• _EXERCISE GOAL_
From the records below, output exactly the lines starting at the line with "Θήκη τηλεφώνου από" and ending at the line with "Şekil 2. Rapor", both of them included, but no pictures.

• _Records drawn from a dataset_
_ _ _ _

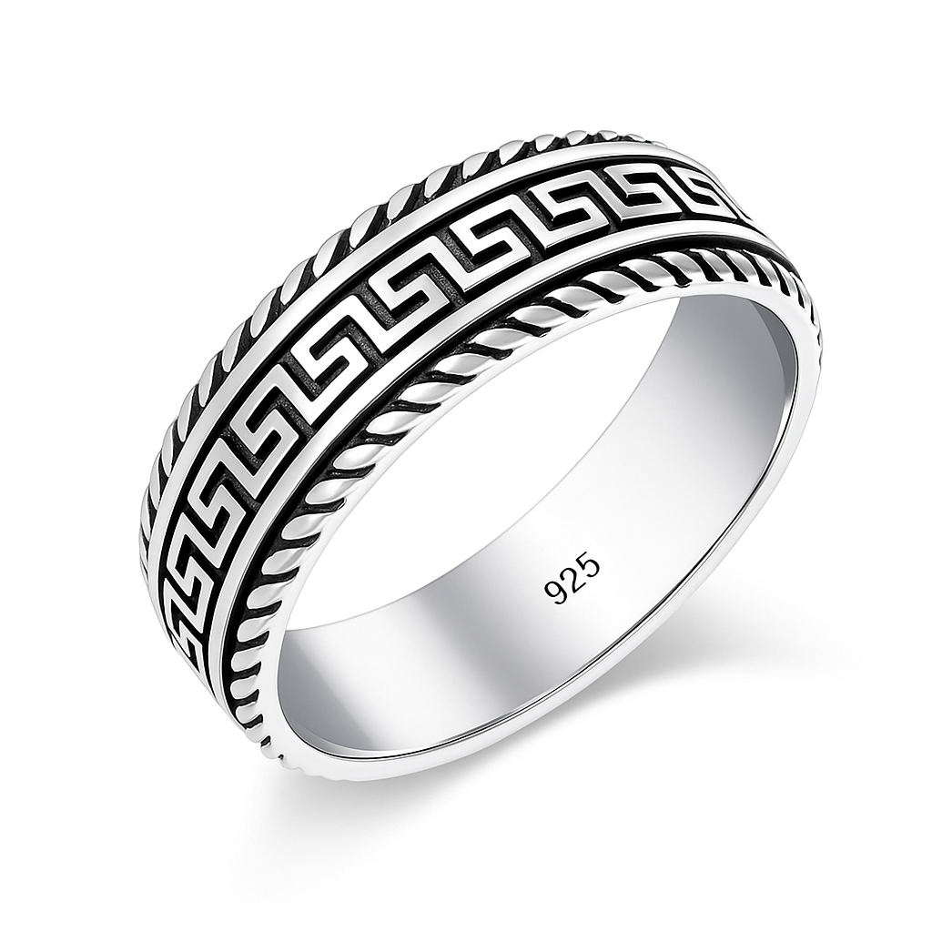 The Hellenic Twist Ring blends classical heritage with bold detail. Featuring a striking Greek key pattern at its center, this sterling silver ring is bordered by twisted rope-style edges that add texture and dimension. The polished silver and oxidized black contrast give it a timeless, structured look — perfect for those who appreciate ancient art with a modern edge.
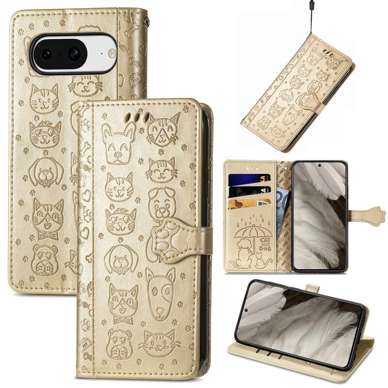 Θήκη τηλεφώνου από δέρμα με ανάγλυφα σχέδια χαριτωμένων γάτας και σκύλου για Google Pixel 8 (Μπλε)
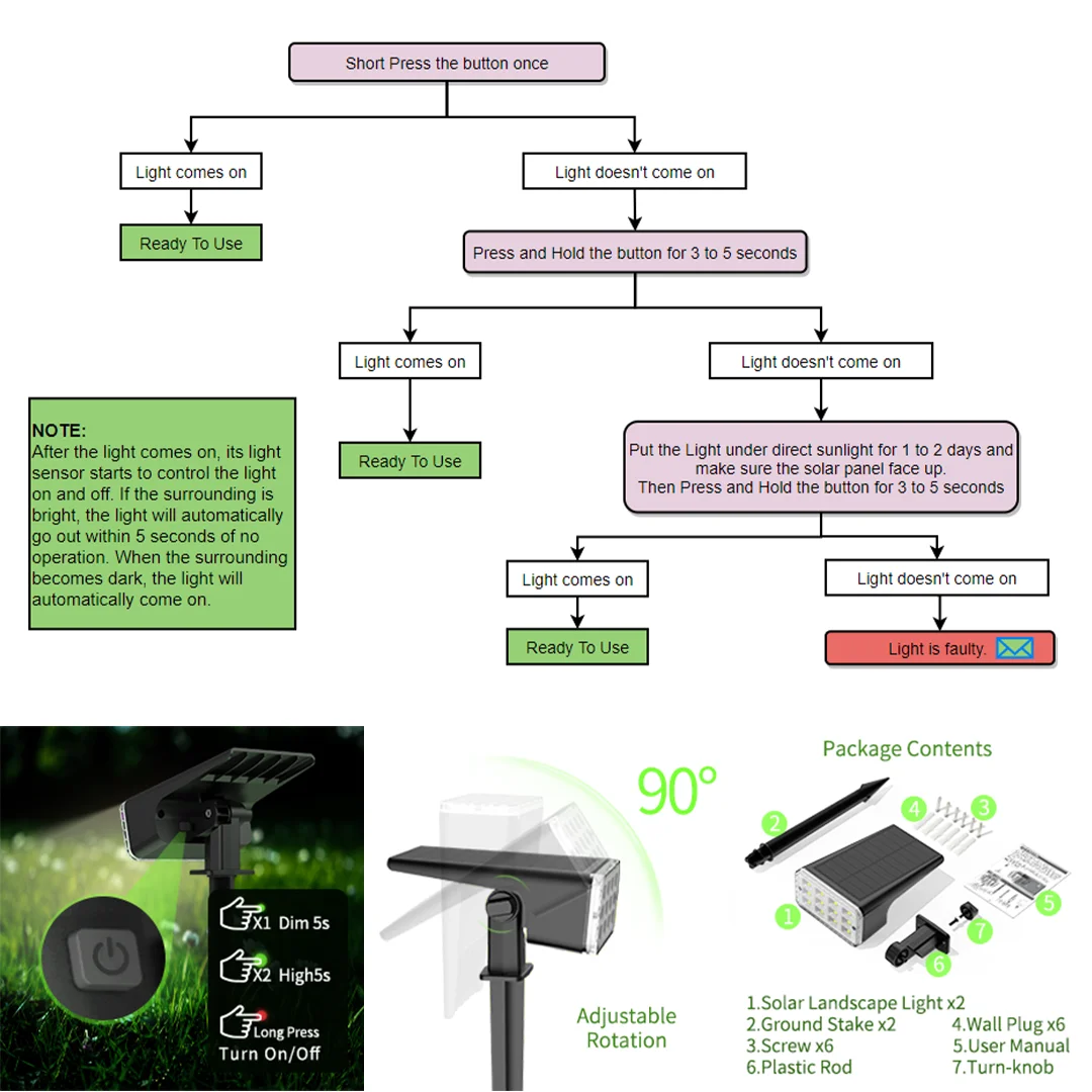 После включения этот Точечный светильник Автоматически Заряжает под солнечный светильник, автоматически включается в сумерках и автоматически выключается на рассвете.
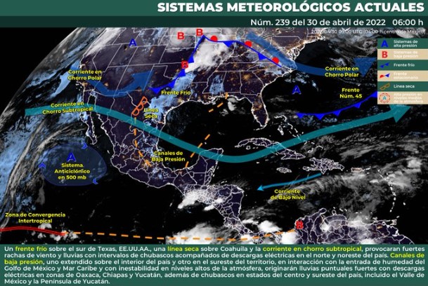 Por otro lado, canales de baja presión, uno extendido sobre el interior del país y otro en el sureste del territorio, en interacción con la entrada de humedad del Golfo de México y Mar Caribe y con inestabilidad en niveles altos de la atmósfera, originarán lluvias puntuales fuertes con descargas eléctricas en la Península de Yucatán.
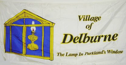 A new flag for Delburne, Alberta, consists of the logo centered on a white
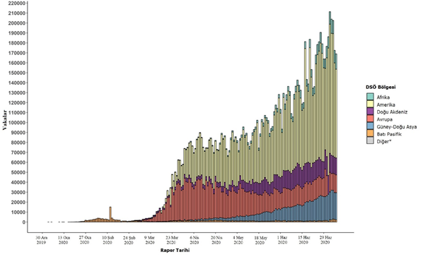 Şekil 2. Rapor tarihi ve DSÖ bölgesine göre doğrulanmış COVID-19 vakalarının sayısı, 30 Aralık 2019 – 8 Temmuz 2020**
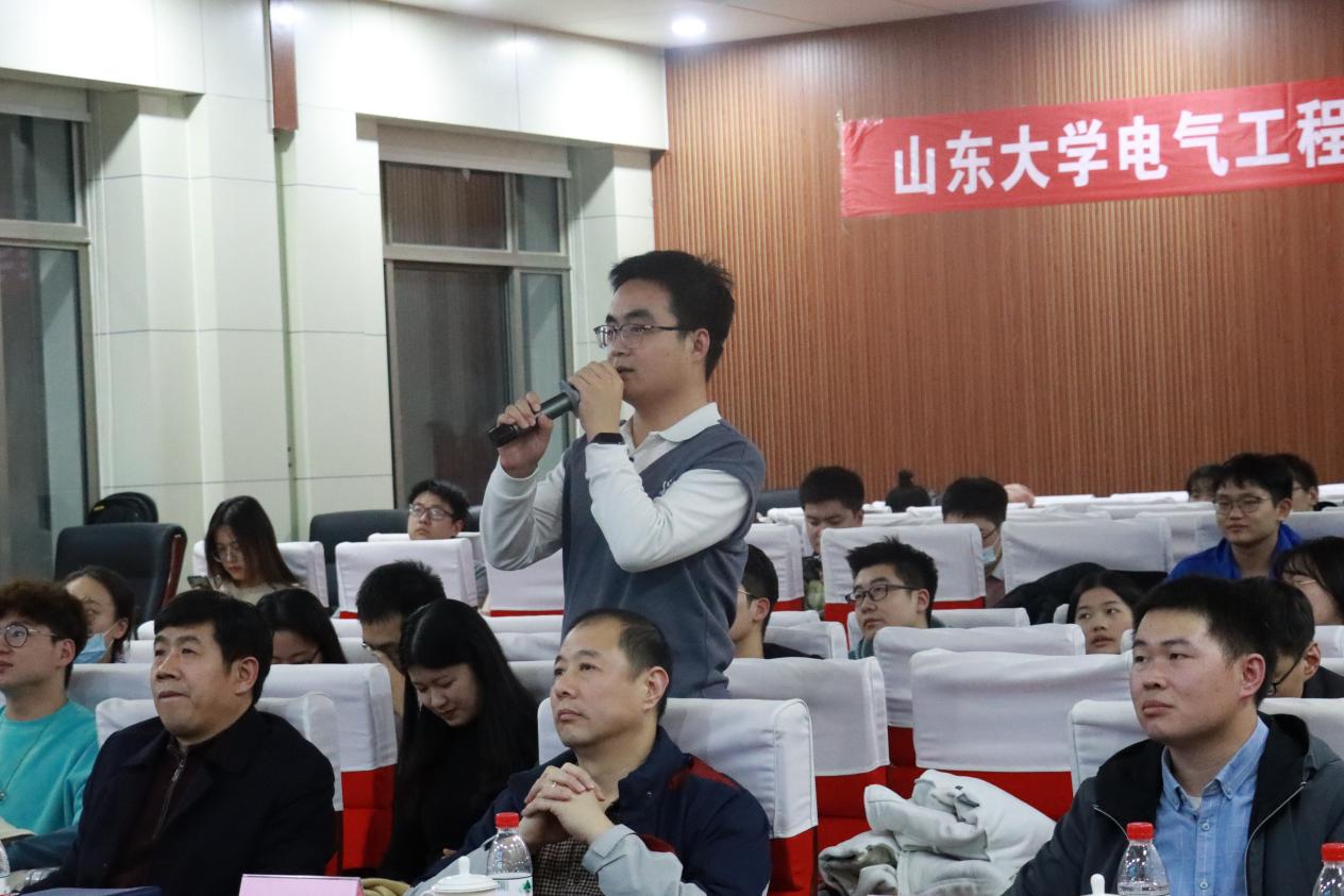 讲座的后半部分,已经毕业的优秀师兄师姐向同学们分享了自己的工作经验,并针对同学们迷惑较多的问题进行解答。分别在积成电子股份有限公司、国网济南供电公司、国网技术学院以及国网山东超高压公司变电检修中心就职的彭正良、朱希松、刘晓艺、李先海四位师兄师姐向同学们介绍了他们的主要工作内容以及工作压力等。在谈到处于学校读研与工作之后的变化问题时,师兄师姐们鼓励同学们在以后的工作生活中多多向他人请教,摒弃“唯学历”论的想法,并希望同学们珍惜学生时代 的学习时间与学习机会。在提问环节里,师兄师姐们又针对性格对于择业的影响这个问题展开了讨论,性格对择业有一定影响,但不具有决定性的影响。

_ _ _ _

• _RESULT FOR THIS TASK_
 Θήκη τηλεφώνου από δέρμα με ανάγλυφα σχέδια χαριτωμένων γάτας και σκύλου για Google Pixel 8 (Μπλε)
 После включения этот Точечный светильник Автоматически Заряжает под солнечный светильник, автоматически включается в сумерках и автоматически выключается на рассвете.
 Por otro lado, canales de baja presión, uno extendido sobre el interior del país y otro en el sureste del territorio, en interacción con la entrada de humedad del Golfo de México y Mar Caribe y con inestabilidad en niveles altos de la atmósfera, originarán lluvias puntuales fuertes con descargas eléctricas en la Península de Yucatán.
 A new flag for Delburne, Alberta, consists of the logo centered on a white
 Şekil 2. Rapor tarihi ve DSÖ bölgesine göre doğrulanmış COVID-19 vakalarının sayısı, 30 Aralık 2019 – 8 Temmuz 2020**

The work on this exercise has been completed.